To integrate heterogeneous data from different platforms and different studies, a three-step procedure was applied. First, the percentile rank from the above 
"clustering per dataset" procedure was used for the identification of informative genes in the combined datasets. Specifically, the median of percentile ranks 
across datasets was calculated and genes were ordered by the median ascendingly. Then excluding genes in the blacklist, the top 1500 genes were identified 
as informative genes. Within each dataset, for each gene, the normalized expression was corrected for cell cycle effect, donor effect, percentage of 
mitochondrial UMI counts, and DIG signature, and then scaled to z-score. Second, to reduce technical noise such as transcripts drop-out, we partitioned single 
cells into small groups (called mini-clusters hereafter) each of which contained similar cells. This strategy is similar to the MetaCell method, but our pipeline is 
compatible with gene expression data measured in CPM/TPM while MetaCell requires counts data as input. Specifically, within each dataset, the Seurat v3 
pipeline was applied to the z-score matrix of the informative genes.

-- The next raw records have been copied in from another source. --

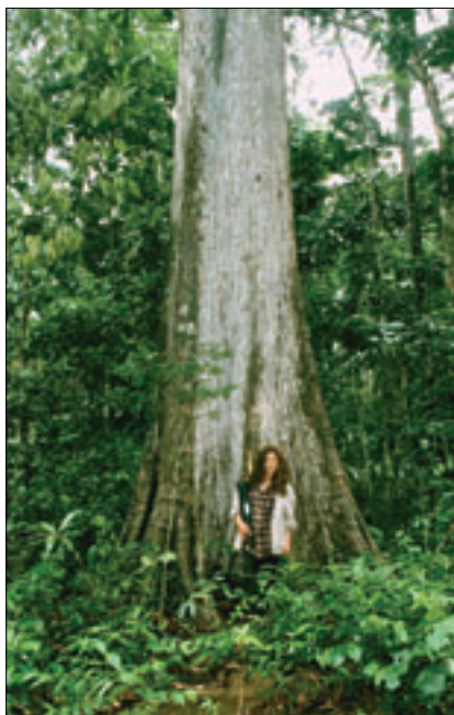
Fig. 2: Cedrela odorata tree growing at Pando, Bolivia (11°S 200m a.s.l.) in the southwestern part of the Amazon basin. The climate presents a mean annual temperature of 27°C and 1800 mm of precipitation with a marked dry period during the months of May to September. The diameters of the dominant trees reach 1.0 – 1.5 meters.

Reconstruction of low latitude climate variability has been hampered by the lack of suitable annually resolved proxy climate records. Several factors can be invoked to explain the unbalanced distribution of tree-ring records between tropical and temperate regions in the Americas. Most tropical species do not form distinct rings and when rings are present, they are not annual. Some species show clearly visible rings but the circular uniformity is uncertain. Absence of seasonality appears to be the main reason for the lack of well-defined boundary rings in the tropics. Nevertheless, there are tropical and subtropical regions that experience seasonal changes in precipitation or temperature that can induce the formation of defined growth rings. In order to fill the “tropical gap” between the presently available
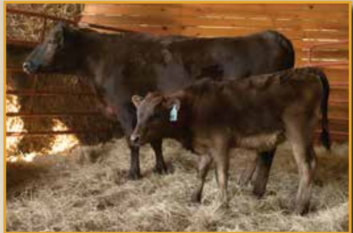
CX4 MS HIROSHIGE 109Z • SELLS AS LOT 9.

3 IN 1!!! LAR 2001 has great meat quality, large ribeye area, thick rib area, and outstanding on milk product. She's an outstanding Female with top-notch makers for marbling. LAR 2001 last 3 offspring's all scored a "Tenderness of 10" (CFF981G/U50214, CFF865G/FB42569, CFF750F/FB33938). This cow is free of all genetic defects, tenderness of 7 SCD-VA. Cow is bred back to FB30189-AA/9, and has an AA/10 bull calf CFF981G at side. Paternal side, Great Grandsire of this cow is Sanjiro. He is one of the most influential sires of the Tajima line. He is in the top 10 in marbling and ribeye. Sanjiro daughters are treasured across the land and to own a double bred Suzutani just increases the value. On her Dams side you have Kikuasu-400 (FB2100), known for producing top carcasses, big ribeye and tall cattle.
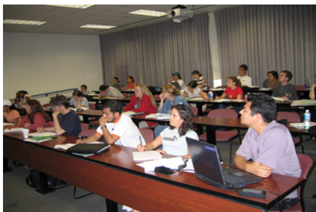
A typical day in class (Ward Circle Building).
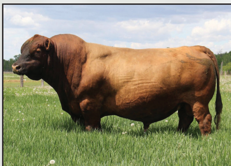
RED OCC EASY RED 868A | RAAA # 3900119
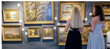
Two Women view art at the Expo

the place where artists, exhibitors and sporting enthusiasts gather in Charleston - from all corners of the nation - united by a shared love for wildlife, conservation and the great outdoors. Each year, we receive hundreds of applications from artists and exhibitors, eager to join the SEWE community. It's one of our greatest pleasures to welcome new talent to the Lowcountry every February. As we prepare for another remarkable SEWE, we invite you to explore 2024's new artists and exhibitors collective. Learn about these passionate contributors, discover their origins and preview what they'll showcase
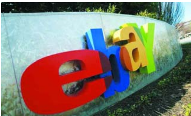
A sign is shown at the headquarters of eBay in San Jose, California February 2, 2010. Picture taken on 2 Feb, 2010.

NEW YORK, 25 Jan — Activist investor Carl Icahn's stake in e-commerce company eBay Inc is more than previously reported at close to 2 percent, a source familiar with the matter said on Thursday.
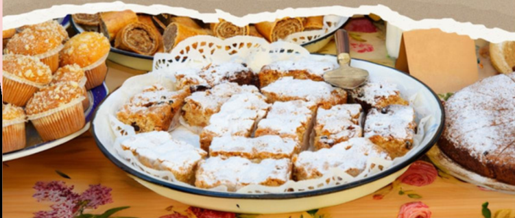
Angela Waller Catering Out the Box, LLC
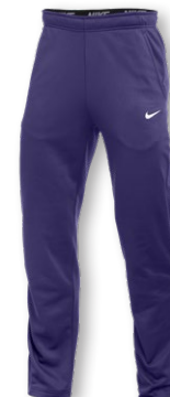
NIKE THERMA PANT REGULAR CN9483 Page 14
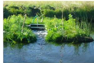
WATER FEATURE OPTION BB - FLOATING STREAM (IF FUNDING IS AVAILABLE)
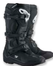
BLACK // 10

The parameter k for the k-nearest neighbor algorithm was changed from the default value 
20 to 10, and the resolution for Louvain clustering was set to a high resolution of 50 (for datasets with < 500 cells, 25 was used instead). Thus, clusters with 
small sizes were identified as mini-cluster. Then the z-score transformed gene expression was averaged per min-cluster. Thus, the original gene by cell 
expression matrix was converted to the gene by mini-cluster expression matrix. Such matrices of all datasets were combined by column and only genes present 
in all datasets were kept. The combined matrix would be used for downstream analysis. Third, Harmony was applied immediately after PCA, which was based 
on the combined matrix of the informative genes. Then Uniform Manifold Approximation and Projection (UMAP) and clustering (both implemented in the Seurat 
v3 pipeline) were performed on the "harmony space" to identify clusters of mini-clusters (called meta-clusters hereafter). 

The code implemented the pipeline could be found in github (hitps://github.com/Japrin/scPip).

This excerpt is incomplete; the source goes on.